BRIEF SUMMARY OF THE INVENTION

This invention provides, among other, methods for treating diseases related to cerebral disturbances.
In one embodiment, a method for treating diseases related to cerebral disturbances in a patient in the need of such treatment comprises: (a) imaging the cerebrum of a patient, (b) identifying a locus of the cerebral disturbance, and (c) irradiating said locus with a therapeutically effective dose of electromagnetic radiation.
In a class of this embodiment, the imaging of the cerebrum is performed at least once during an episode of a cerebral disturbance and at least one additional time in the absence of an episode of the cerebral disturbance, and the identifying of the locus of the cerebral disturbance is done by comparing images obtained from imaging the cerebrum during an episode of cerebral disturbance and images obtained from imaging the cerebrum in the absence of an episode of cerebral disturbance.
In a class of this embodiment, the disease (related to a cerebral disturbance) is selected from the group of drug addiction, obesity and epilepsy.
In a class of this embodiment, the therapeutically effective dose of electromagnetic radiation adsorbed by the patient is between about 1 and about 30 Gy, and preferably is between about 2 and about 10 Gy. In a subclass of this embodiment, one or more doses amounting to a total of between about 2 and about 10 Gy are administered on one day. In a subclass of this embodiment, one or more doses amounting to a total of between about 2 and about 10 Gy are administered over a period of several days, weeks, months, and/or years. In a subclass of this embodiment, one or more doses each of between about 2 and about 10 Gy are administered over a period of several days, weeks, months, and/or years.
In a class of this embodiment, converging beams of radiation are used to irradiate a locus of the cerebral disturbance.

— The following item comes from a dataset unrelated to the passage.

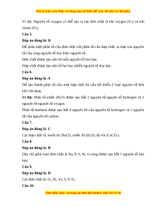 ấ là khí oxygen (O2) và khí ozone (O3). Câu 5. Đáp án đúng là: D Để phân bi t ệ phân tử c a ủ đ n ơ ch t ấ v i ớ phân t ử c a ủ h p ợ ch t ấ , ta d a ự vào nguyên t c ử a cùng ủ
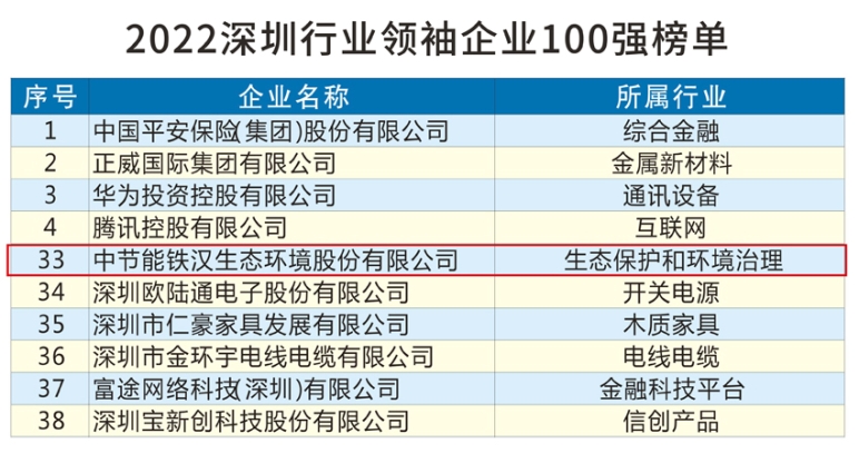 第四届“书香圳好”行业高质量发展论坛2月28日下午在深圳福田举行,活动为“2022深圳行业领袖企业100强”获奖企业颁奖。中节能铁汉作为生态保护和环境治理业龙头企业成功登榜百强榜单,位列第33名。

DETAILED DESCRIPTION OF THE INVENTION

Definitions
The term “disease,” as used herein, refers to an interruption, cessation, or disorder of body functions, systems, or organs, which are related to cerebral disturbances.
The term “related to cerebral disturbances” as used in connection with the term “disease” refers to the fact that there is some relationship (association and/or causation) between the disease and the cerebral disturbances. The term “disease,” as used herein, is intended to include conditions, symptoms, syndromes, abnormalities, etc., which are related to cerebral disturbances.
The term “cerebral disturbances” refers to any disorders or abnormalities of the cerebrum which can be diagnosed using imaging techniques, such as CT, SPECT, PET, etc.
The term “treating” or “treatment” of a disease in a patient includes: (1) preventing the disease from occurring in a mammal which may be predisposed to the disease but does not yet experience or display symptoms of the disease, (2) inhibiting the disease, i.e., arresting its development, or (3) relieving symptoms of the disease, i.e., causing regression of the disease, including a complete regression of the disease.
An “effective amount” or “inhibiting dosage” of, e.g., radiation, with respect to the subject method of treatment, refers to an amount of radiation which, when absorbed as part of a desired dosage regimen brings about treatment of the disease according to clinically acceptable standards for the disorder to be treated. The term “therapeutically effective amount” refers to the amount which, when adsorbed by an animal for treating a disease, is sufficient to effect such treatment of the disease.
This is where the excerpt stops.